Operators still not protecting customers from bill shock

Mobile operators worldwide are still not doing enough to protect customers from bill shock, despite initiatives by trade association the GSMA and national regulators such as Ofcom in the UK and ACMA in Australia to promote transparency in roaming charges. The majority of mobile operators worldwide (62 per cent) have not yet implemented any form of bill-shock prevention, according to research conducted by cloud-based managed communication services provider Mach.

Furthermore, only 24 per cent of operators have a system deployed that can monitor subscriber data usage habits in real-time.

In June 2012, as part of the GSMA’s Data Roaming Transparency Initiative, 24 operator groups, including América Móvil, AT&T, Deutsche Telekom, France Telecom-Orange, Telefónica, Telenor and Vodafone voluntarily agreed to undertake a number of measures which will help mobile subscribers better understand their data roaming charges and more effectively manage their use of data services.

Each agreed that they would send text messages to remind customers of their data roaming tariffs when they arrive in another country and turn on their mobile device; implement a monthly data roaming spending limit to help consumers manage their roaming bill and send alerts when data usage approaches the limit; and temporarily suspend data service when usage exceeds the spending limit.

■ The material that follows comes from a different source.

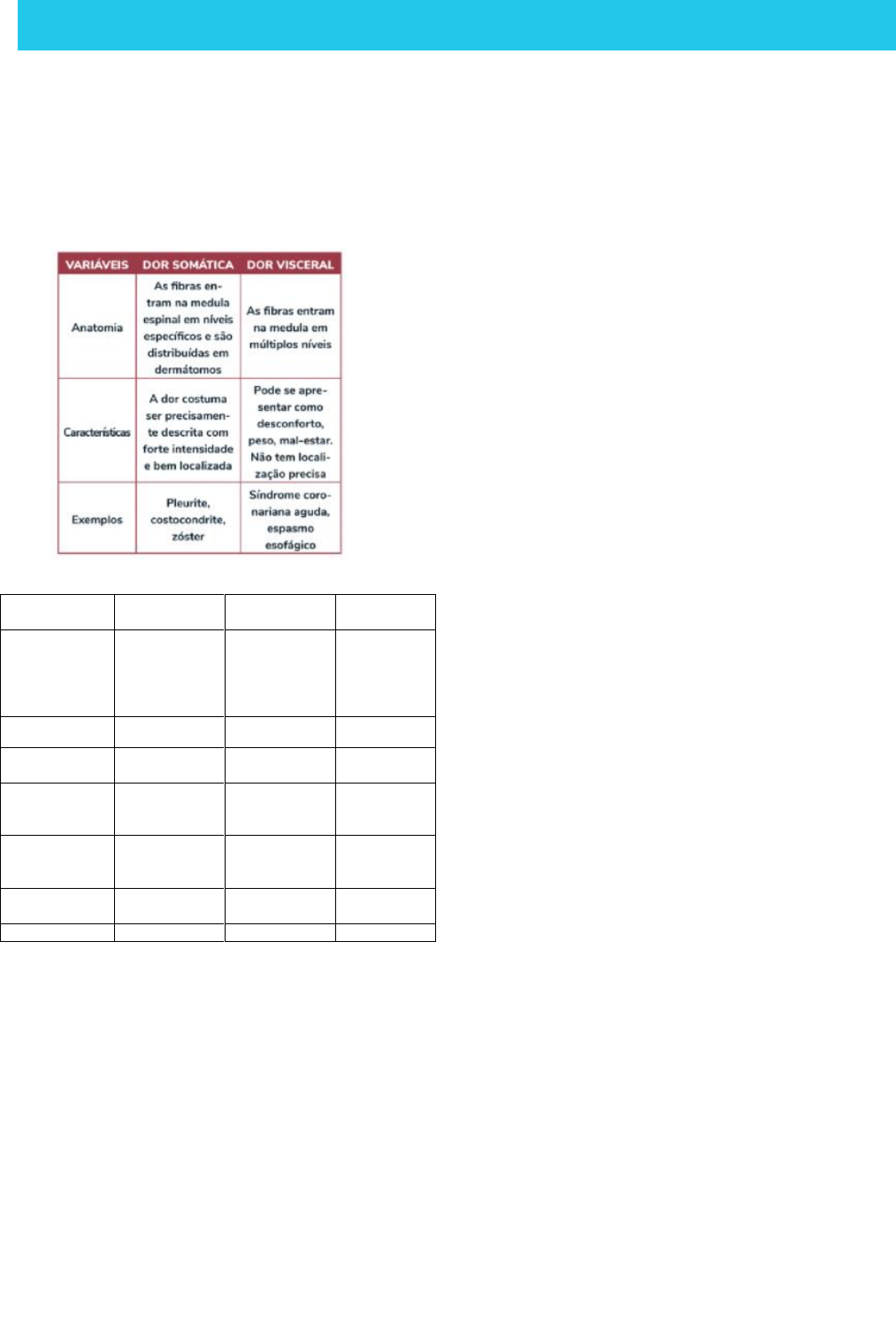 <p>DOR TORÁCICA</p><p>A dor torácica pode ter diversas origens e</p><p>mecanismos diferentes. Uma das formas de</p><p>diferenciação da origem da dor é a diferença</p><p>entre a estimulação nervosa somática ou</p><p>visceral durante a investigação clínica</p><p>Cardiovascular Respiratória Gastrointestinal Músculo-</p><p>esquelético</p><p>Isquemia(angina</p><p>ou IAM)</p><p>Embolia</p><p>pulmonar</p><p>Colecistite Síndrome da</p><p>parede</p><p>torácica</p><p>(inflamação</p><p>da parede)</p><p>Pericardite Pneumotórax Pancreatite Costocondrite</p><p>Dissecção da</p><p>aorta torácica</p><p>Pneumonia Hérnia de hiato Herpes Zoster</p><p>Pleurite</p><p>(irritação</p><p>pleural)</p><p>Doença</p><p>esofágica</p><p>Trauma da</p><p>parede</p><p>torácia</p><p>Hiperventilação</p><p>(ansiedade)</p><p>Úlcera péptica Tumor da</p><p>parede</p><p>torácica</p><p>Tumor Dispepsia</p><p>(indigestão)</p><p>Doenças da</p><p>mama</p><p>Fibromialgia</p><p>História do paciente</p><p>• Idade</p><p>• Episódios anteriores</p><p>• IVAS - pois pode gerar pericardite,</p><p>pleurite, miocardite, já a endocardite</p><p>pode ser causada por tratamento</p><p>dentários, colocação de piercing na língua</p><p>• Febre</p><p>• Trauma</p><p>• Estresse</p><p>• Alterações emocionais</p><p>• Doença cardíaca prévia (angina, IAM, HAS)</p><p>• Flebite</p><p>Causas de dor torácicas</p><p>• Cardiovascular: isquêmica (angina ou</p><p>IAM), pericardite, dissecção da aorta</p><p>torácica, embolia pulmonar, hipertensão</p><p>pulmonar.</p><p>• Respiratórias: pneumotórax, pneumonia</p><p>por irritação pleural, pleurite não</p><p>infecciosa, tuberculose pleural</p><p>• Gastrointestinal: Colecistite. doença</p><p>esofágica, refluxo gastroesofágico/</p><p>espasmos, úlcera péptica</p><p>• Músculo-esquelético: síndrome da parede</p><p>torácica, costocondrite, herpes zoster,</p><p>trauma da parede torácica, tumor da</p><p>parede torácica, doenças da mama,</p><p>fibromialgia.</p><p>O que deve ser explorado na anamnese</p><p>• Início da dor (súbito, gradual)</p><p>• Duração da dor (minutos, horas, variável)</p><p>Características da dor</p><p>• pleurítica (dor aguda à inspiração)</p><p>• espasmódica (espasmos)</p><p>• em aperto ou em peso</p><p>• aguda ou localizada</p><p>• visceral (difícil de apontar); em queimação</p><p>• como se rasgasse; insuportável</p><p>• posição antálgica</p><p>Localização da dor</p><p>• depende da situação; ansiedade</p><p>• subesternal</p><p>• central ou em todo o tórax</p><p>• na parte lateral do tórax</p><p>• localizado no local envolvido (ex. se for</p><p>um trauma)</p><p>• irradia para a mandíbula, pescoço, costas</p><p>ou braço</p><p>• Se é uma dor vaga</p><p>Antecedentes</p><p>• Fatores de alívio</p><p>• Fatores de agravamento</p><p>• Sintomas associados</p><p>Sinais e sintomas</p><p>• Dispnéia</p><p>• Diaforese (transpiracao interna)</p><p>• Náusea e vômito</p><p>• Fraqueza, tontura, síncope</p><p>• Alteração neurológica</p><p>• Hipo ou hipertensão ou PA desigual</p><p>• Sons respiratórios anormais ou diminuído</p><p>• Cianose</p><p>• Hemoptise</p><p>• Massa abdominal pulsátil</p><p>• Dor abdominal</p><p>• Dor vesicular à palpação</p><p>• Rash ou lesões</p><p>ANGINA</p><p>• (não tem alteração de enzimas cardíacas)</p><p>• A dor tem um início súbito com duração</p><p>de 20 minutos ou mais</p><p>• Característica espasmódica, em aperto ou</p><p>peso e em queimação</p><p>• Localização: subesternal, irradia para</p><p>mandíbula, pescoço, costas ou braços</p><p>• Sintomas associados: dispneia, diaforese,</p><p>hipo ou hipertensão</p><p>• História: idade (acomete mais idosos),</p><p>episódios prévios, doença cardíaca (HAS,</p><p>angina, IAM)</p><p>• Fatores de piora: estresse, exercício, após</p><p>alimentação, deitado, situacional,</p><p>ansiedade</p><p>• Fatores de alívio: repouso ou diminuição</p><p>do movimento, posição,</p><p>nitroglicerina/nitrato</p><p>Sinal de Levine: Sinal da mão fechada</p><p>colocada de maneira imprecisa sobre a região</p><p>esternal, sugestivo de dor torácica de origem</p><p>cardíaca.</p><p>**Sinal típico de dor no peito com etiologia</p><p>cardíaca</p><p>• Estável – dor anginosa há mais de 48h,</p><p>desencadeada por mesma intensidade de</p><p>esforço</p><p>• Instável – dor anginosa recente, ou ao</p><p>repouso ou a esforços cada vez menores</p><p>(o infarto agudo do miocárdio tem</p><p>características semelhantes).</p><p>* O ecg na angina pode ou não estar alterado,</p><p>mais não tem supradesnivelamento de ST</p><p>A carga do trabalho cardíaco e a resultante</p><p>demanda de oxigênio pelo miocárdico</p><p>superam a capacidade das artérias coronárias</p><p>de suprir uma quantidade adequada de</p><p>sangue oxigenado. Esse desequilíbrio entre a</p><p>oferta e a demanda pode ocorrer quando as</p><p>artérias estão estenosadas. Normalmente, a</p><p>obstrução resulta de aterosclerose arterial</p><p>coronariana, mas pode resultar de espasmo</p><p>da artéria coronária ou, raramente, de</p><p>embolia arterial coronariana. Trombose</p><p>coronariana aguda pode provocar angina se a</p><p>obstrução é parcial ou transitória, mas</p><p>geralmente causa infarto agudo do miocárdio</p><p>(IAM).Além do esforço, a carga de trabalho</p><p>cardíaca pode aumentar por doenças como</p><p>hipertensão ,regurgitação aórtica ,estenose</p><p>aórtica ou miocardiopatia hipertrófica .</p><p>Nesses casos, pode haver angina com ou sem</p><p>aterosclerose. Essas enfermidades também</p><p>podem diminuir a perfusão miocárdica</p><p>relativa pelo aumento da massa miocárdica</p><p>(causando diminuição do fluxo diastólico)</p><p>INFARTO AGUDO DO MIOCÁRDIO</p><p>• Início súbito, duração de minutos a horas</p><p>• Em aper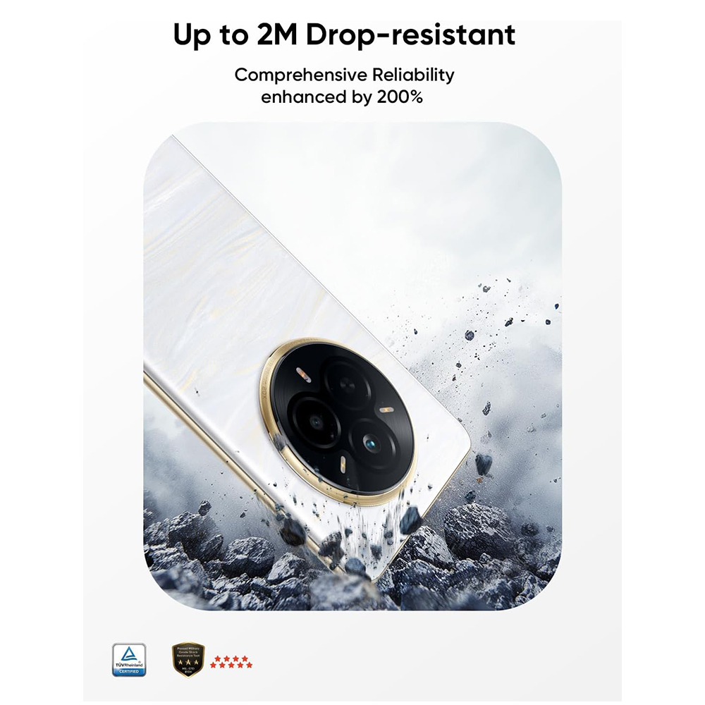 The realme 14 Pro offers enhanced strength and excellent drop protection, passing both TรV Rheinland Rugged Smartphone Certification and the Military Grade Shock-Resistance Test.

However, not all have successfully implemented such protocols. In the UK, T-Mobile – part of Everything Everywhere – lost a court case earlier this month after attempting to charge one customer data roaming fees totalling over £500. The customer, Angela Walsh, a litigation partner at law firm Abrahams Dresden, identified applications which connected and transferred data in the background, and claimed that she did not know her smartphone was capable of using data without her explicitly giving it permission to.

In the UK, Ofcom has mandated key protections including the requirement that operators send consumers a welcome message containing details of charges for roaming services as soon as they turn their phone on abroad, and a financial limit, with near limit alerts, on data roaming of €50.

“Ofcom is currently working with operators to ensure they understand their responsibilities under the roaming regulations and that they comply with its requirements,” a spokesperson told

The spokesperson added that T-Mobile now advises customers that their internet services will not work on their handset unless the consumer buys a booster package to prevent them “running up a large bill for internet usage by mistake”.

Last month, Australia’s ACMA also released draft proposal to manage bill shock issues when mobile phone users are roaming overseas. The proposed standard would require operators to warn consumers they are roaming; and provide country specific information the costs of calls and data use when they switch on their mobile telephone overseas.